Essay 1

The Los Angeles Lakers, Showtime, and High Added Value

The Los Angeles Lakers didn't just change basketball. They changed what it means to build a brand — and they did it by understanding something most businesses still miss: people don't pay for the product. They pay for how it makes them feel.

In the 1970s, the NBA was dying. Ratings were collapsing, arenas were half-empty, and the league was plagued by drug scandals and racial tensions. The Boston Celtics dominated with a conservative, defensive style that made the game predictable and dull. Analysts gave the league five years to live.

Then came Dr. Jerry Buss.

In 1979, this real estate mogul bought the Los Angeles Lakers — a franchise with a storied past but a troubled present. His advisors told him it was financial suicide. He bought it anyway. Because Buss didn't see a basketball team. He saw a stage.

The Vision: Basketball and Sex Should Feel the Same

Buss had a radical idea: basketball should be as exciting as anything happening in Hollywood. Glamorous. Electric. Unforgettable. He didn't want fans to watch a game — he wanted them to experience a show.

That same year, the Lakers won the number one draft pick. Two players dominated the conversation: Larry Bird and Magic Johnson. Bird was the consensus choice. But Buss chose Magic — not because of his stats, but because of his energy. Magic Johnson wasn't just a player. He was a star. He smiled constantly, made no-look passes, and played with a joy that was contagious. He was the perfect asset for the Showtime Buss envisioned.

Building the Ecosystem

Buss understood that winning on the court wasn't enough. If you wanted to create Showtime, you needed an entire ecosystem of high-value assets working in harmony.

He hired coach Pat Riley, who developed a revolutionary fast-break system that perfectly matched Magic's style — running, attacking, spectacular. Then he added the Lakers Girls, the first cheerleading squad in NBA history, ensuring the entertainment never stopped even during timeouts.

He transformed the Forum arena into what looked like a nightclub — complete with the Forum Club, an exclusive post-game venue where players, celebrities, and top clients could mingle. This attracted Hollywood's elite: Jack Nicholson, Dyan Cannon, and dozens of other A-listers who became regulars in the front row.

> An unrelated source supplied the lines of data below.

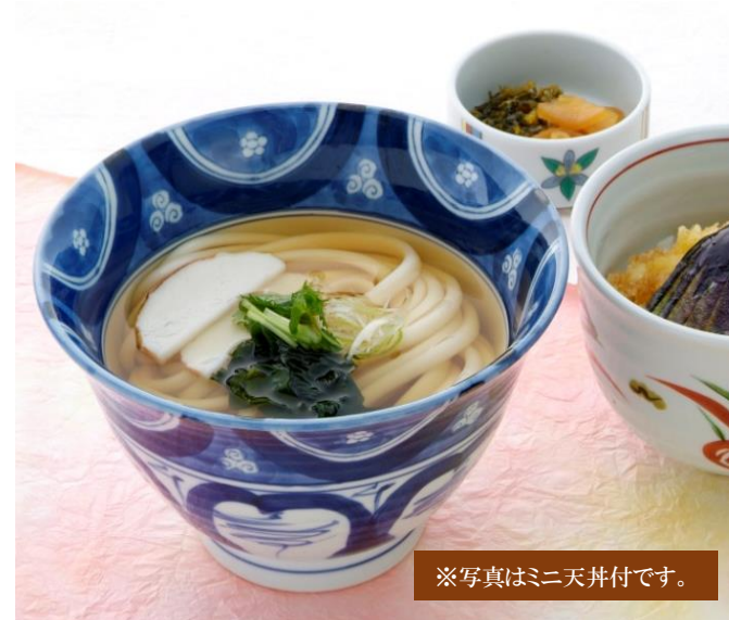
※写真はミニ天丼付です。

鶏肉を煮込んだスープに、塩麴を加えました。 あっさりとした塩味のスープを、 柚子と胡椒の香りでお楽しみ下さい。
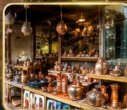
เลือกซื้อของฝากงานหัตถกรรมพื้นเมือง
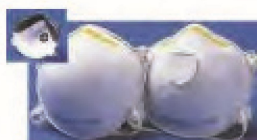
11000600 Mascarilla papel con valvula ffp2
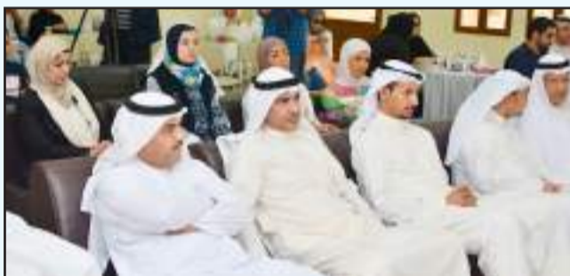
● جانب من الحضور

والتي لن تنتهي إلا مع الحفل الختامي للدوري الثقافي والذي سيحدد لاحقاً حيث ستكون هناك مفاجآت عديدة للجمهور وللحضور الكريم.
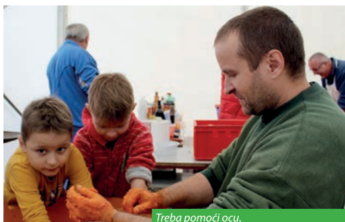
Treba pomoći ocu.

The result? Watching a Lakers game wasn't just watching basketball. It was being part of the most exclusive event in Los Angeles.

The Six Assets of Showtime

What the Lakers built was a deliberate ecosystem of six interconnected assets:

  • A1 — The Core Product: Elite basketball, played at the highest level
  • A2 — The Showtime System: A distinct playing style built on speed, spectacle, and joy
  • A3 — The Star Asset: Magic Johnson, the face and soul of the brand
  • A4 — In-Arena Entertainment: The Lakers Girls and the Forum Club experience
  • A5 — The Venue: The Forum transformed into a premium entertainment destination
  • A6 — The Celebrity Clientele: Hollywood's elite as social proof and brand amplifiers

None of these assets worked alone. Their power came from how they reinforced each other — creating a flywheel effect where each element made the others more valuable.

The Lesson for Business

The Lakers didn't just solve a problem. They redefined what the problem was.

The conventional wisdom said: fix the basketball, fix the league. But Buss asked a different question: How do we want our fans to feel? Once he answered that, everything else followed naturally.

This is the essence of High Added Value thinking. It's not about doing your job well. It's about understanding that your customers aren't buying a product or service — they're hiring it to do a job in their lives. And the most important part of that job is emotional.

The Lakers went from a franchise on the verge of bankruptcy to the most dominant team of the 1980s, winning five championships in a decade. They didn't just beat the Celtics — they changed the entire industry. The NBA's global expansion, the massive TV deals, the franchise valuations that multiply tenfold — all of it traces back to what Buss and Magic built in Los Angeles.

"The goal was never just to win. It was to make people feel something they'd never felt before."

The question for every business is the same one Buss asked himself in 1979: What are we really building here? And how do we want people to feel when they experience it?

Answer that honestly, and the assets you need to build become obvious.